INPUT DATA START

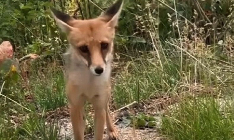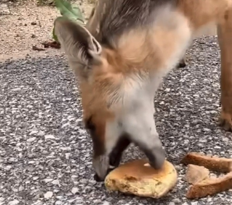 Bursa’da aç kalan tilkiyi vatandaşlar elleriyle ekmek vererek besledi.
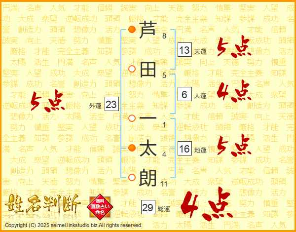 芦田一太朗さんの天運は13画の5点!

INPUT DATA END
INPUT DATA START

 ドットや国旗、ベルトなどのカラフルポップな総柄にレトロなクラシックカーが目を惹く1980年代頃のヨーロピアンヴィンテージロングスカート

INPUT DATA END

In the entries above, which lines run from the one with "Bursa’da aç kalan" up to and including the one with "芦田一太朗さんの天運は13画の5点!"? Write them out exactly, without the pictures.

> **TASK SOLUTION**
 Bursa’da aç kalan tilkiyi vatandaşlar elleriyle ekmek vererek besledi.
 芦田一太朗さんの天運は13画の5点!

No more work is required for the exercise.